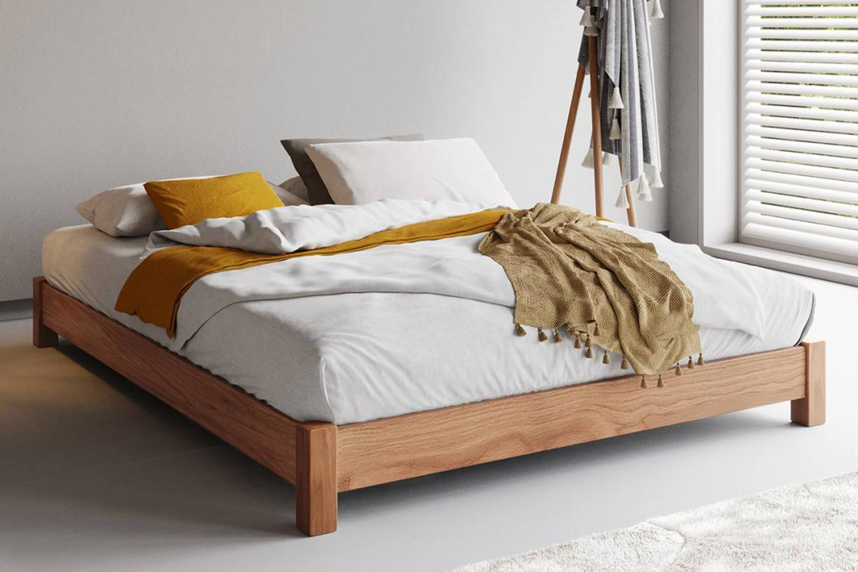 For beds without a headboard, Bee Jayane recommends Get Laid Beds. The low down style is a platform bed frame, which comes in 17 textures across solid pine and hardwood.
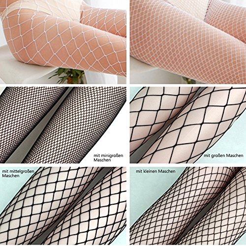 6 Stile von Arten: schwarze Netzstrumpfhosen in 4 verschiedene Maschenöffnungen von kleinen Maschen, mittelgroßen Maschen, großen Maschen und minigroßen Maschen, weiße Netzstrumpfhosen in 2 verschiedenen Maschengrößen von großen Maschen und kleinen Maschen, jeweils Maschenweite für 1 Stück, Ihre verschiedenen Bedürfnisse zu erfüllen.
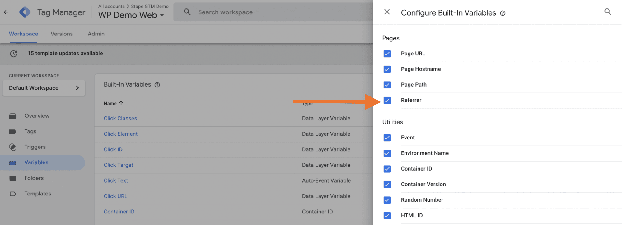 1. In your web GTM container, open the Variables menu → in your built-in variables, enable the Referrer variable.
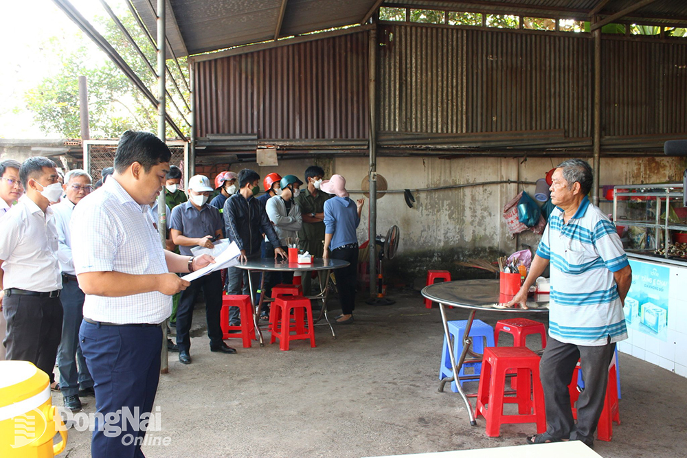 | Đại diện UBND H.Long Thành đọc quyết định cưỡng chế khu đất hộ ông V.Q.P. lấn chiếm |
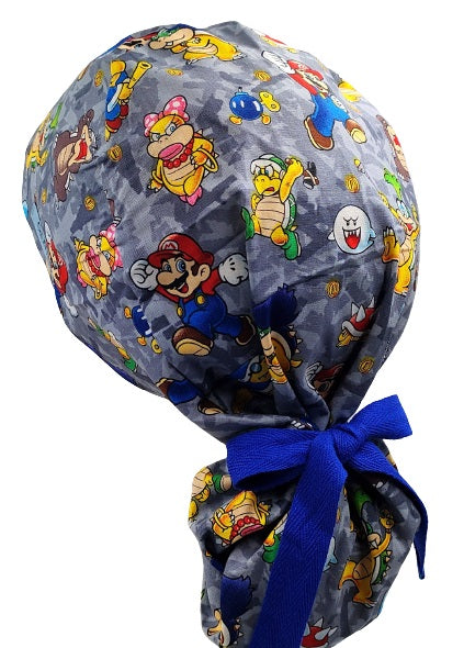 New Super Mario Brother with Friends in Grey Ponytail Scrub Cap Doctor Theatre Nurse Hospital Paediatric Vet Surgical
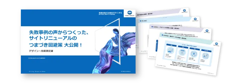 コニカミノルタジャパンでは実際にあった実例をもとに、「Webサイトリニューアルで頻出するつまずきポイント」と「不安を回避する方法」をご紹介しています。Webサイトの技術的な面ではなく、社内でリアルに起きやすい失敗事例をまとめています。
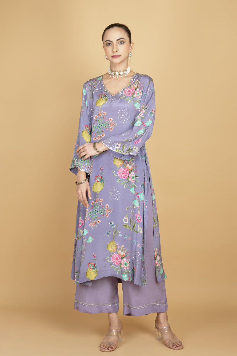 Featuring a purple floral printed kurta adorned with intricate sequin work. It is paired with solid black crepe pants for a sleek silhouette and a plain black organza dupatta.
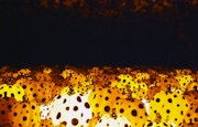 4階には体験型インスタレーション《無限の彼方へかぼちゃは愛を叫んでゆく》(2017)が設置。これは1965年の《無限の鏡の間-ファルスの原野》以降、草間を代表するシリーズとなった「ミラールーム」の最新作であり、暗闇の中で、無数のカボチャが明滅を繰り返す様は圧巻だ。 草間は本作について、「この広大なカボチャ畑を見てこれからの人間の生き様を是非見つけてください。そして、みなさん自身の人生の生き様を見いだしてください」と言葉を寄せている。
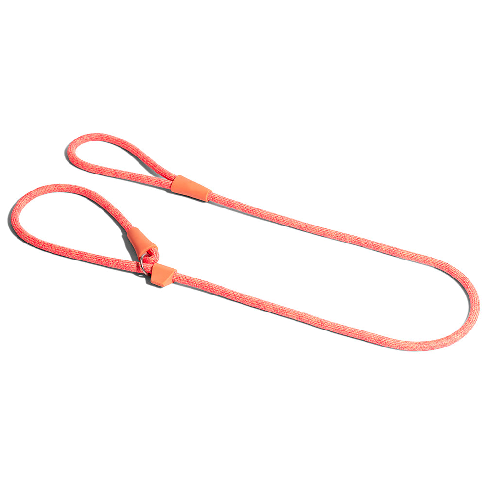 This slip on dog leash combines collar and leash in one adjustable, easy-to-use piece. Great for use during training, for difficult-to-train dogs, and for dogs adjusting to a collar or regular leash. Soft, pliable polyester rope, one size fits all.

+++

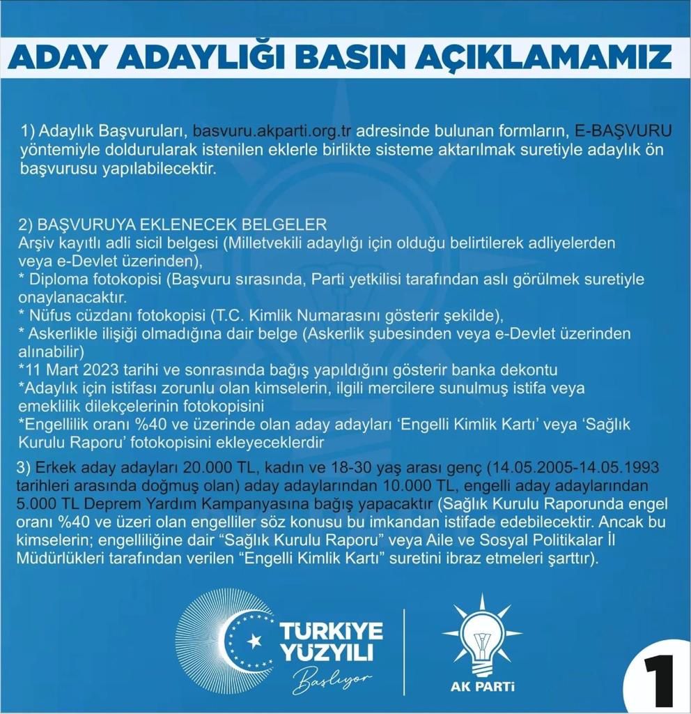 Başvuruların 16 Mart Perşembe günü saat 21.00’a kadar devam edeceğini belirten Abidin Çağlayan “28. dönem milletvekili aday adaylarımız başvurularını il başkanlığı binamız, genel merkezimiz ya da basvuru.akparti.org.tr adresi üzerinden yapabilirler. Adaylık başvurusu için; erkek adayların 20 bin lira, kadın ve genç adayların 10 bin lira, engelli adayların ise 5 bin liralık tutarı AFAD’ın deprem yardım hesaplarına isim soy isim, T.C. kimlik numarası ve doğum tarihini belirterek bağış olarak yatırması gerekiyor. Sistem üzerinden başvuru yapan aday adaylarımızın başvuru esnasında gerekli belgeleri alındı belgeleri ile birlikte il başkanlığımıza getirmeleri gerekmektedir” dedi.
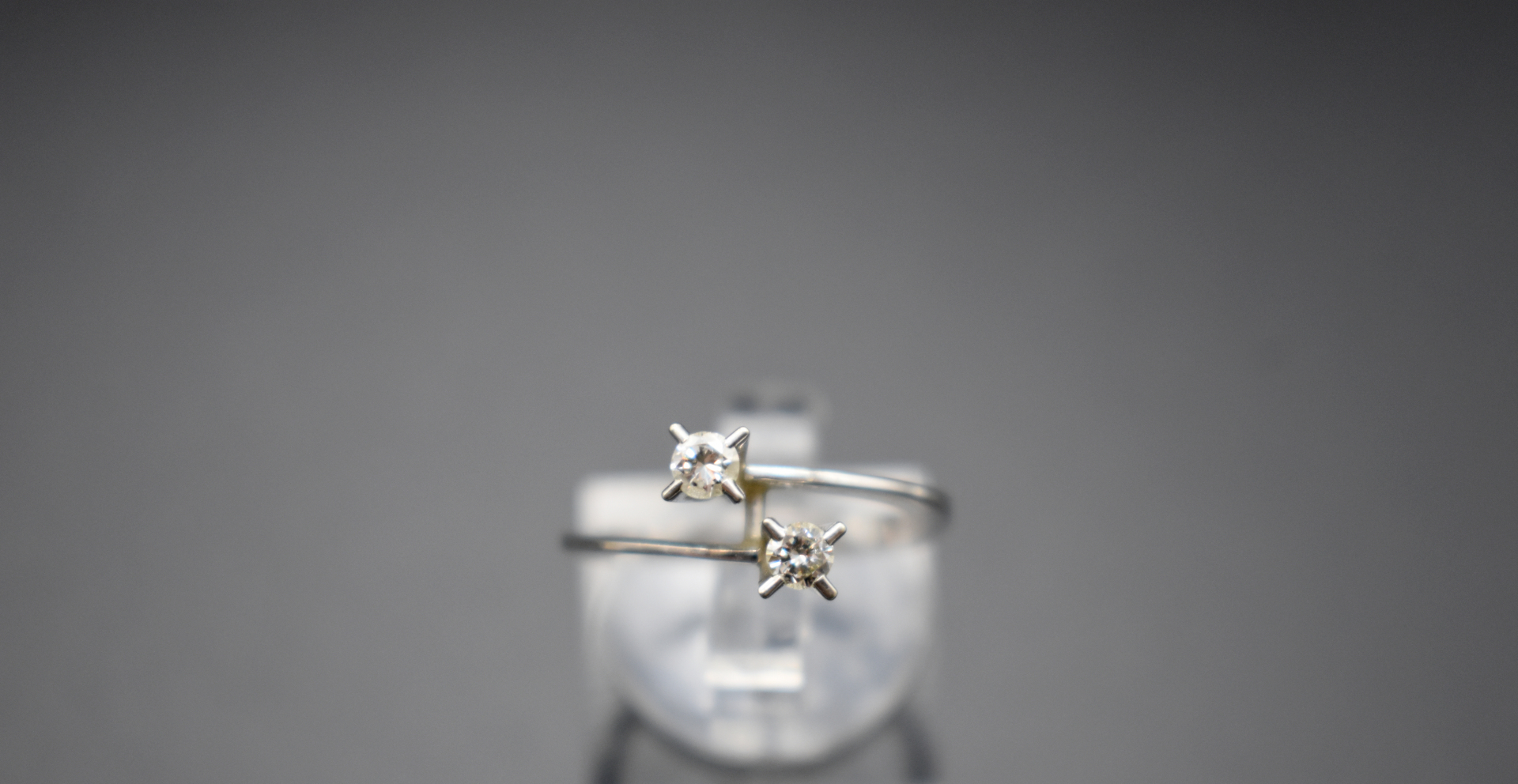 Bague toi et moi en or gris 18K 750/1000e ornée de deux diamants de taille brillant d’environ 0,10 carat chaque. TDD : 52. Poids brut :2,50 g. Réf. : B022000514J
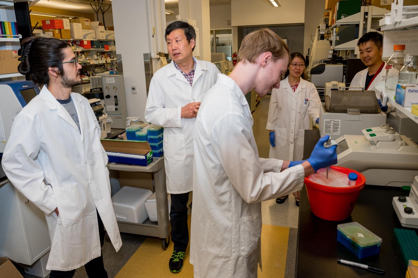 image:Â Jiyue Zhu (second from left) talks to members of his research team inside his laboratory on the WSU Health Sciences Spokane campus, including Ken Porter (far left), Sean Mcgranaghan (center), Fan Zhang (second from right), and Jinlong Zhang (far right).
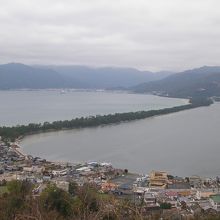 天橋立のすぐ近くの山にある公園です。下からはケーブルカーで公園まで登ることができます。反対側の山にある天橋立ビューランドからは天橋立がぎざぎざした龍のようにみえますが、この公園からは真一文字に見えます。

+++

What should come back is an exact copy of the lines above from the line with "For beds without" to the line with "This slip on", both included, minus the pictures.

Exercise response
 For beds without a headboard, Bee Jayane recommends Get Laid Beds. The low down style is a platform bed frame, which comes in 17 textures across solid pine and hardwood.
 6 Stile von Arten: schwarze Netzstrumpfhosen in 4 verschiedene Maschenöffnungen von kleinen Maschen, mittelgroßen Maschen, großen Maschen und minigroßen Maschen, weiße Netzstrumpfhosen in 2 verschiedenen Maschengrößen von großen Maschen und kleinen Maschen, jeweils Maschenweite für 1 Stück, Ihre verschiedenen Bedürfnisse zu erfüllen.
 1. In your web GTM container, open the Variables menu → in your built-in variables, enable the Referrer variable.
 | Đại diện UBND H.Long Thành đọc quyết định cưỡng chế khu đất hộ ông V.Q.P. lấn chiếm |
 New Super Mario Brother with Friends in Grey Ponytail Scrub Cap Doctor Theatre Nurse Hospital Paediatric Vet Surgical
 コニカミノルタジャパンでは実際にあった実例をもとに、「Webサイトリニューアルで頻出するつまずきポイント」と「不安を回避する方法」をご紹介しています。Webサイトの技術的な面ではなく、社内でリアルに起きやすい失敗事例をまとめています。
 Featuring a purple floral printed kurta adorned with intricate sequin work. It is paired with solid black crepe pants for a sleek silhouette and a plain black organza dupatta.
 4階には体験型インスタレーション《無限の彼方へかぼちゃは愛を叫んでゆく》(2017)が設置。これは1965年の《無限の鏡の間-ファルスの原野》以降、草間を代表するシリーズとなった「ミラールーム」の最新作であり、暗闇の中で、無数のカボチャが明滅を繰り返す様は圧巻だ。 草間は本作について、「この広大なカボチャ畑を見てこれからの人間の生き様を是非見つけてください。そして、みなさん自身の人生の生き様を見いだしてください」と言葉を寄せている。
 This slip on dog leash combines collar and leash in one adjustable, easy-to-use piece. Great for use during training, for difficult-to-train dogs, and for dogs adjusting to a collar or regular leash. Soft, pliable polyester rope, one size fits all.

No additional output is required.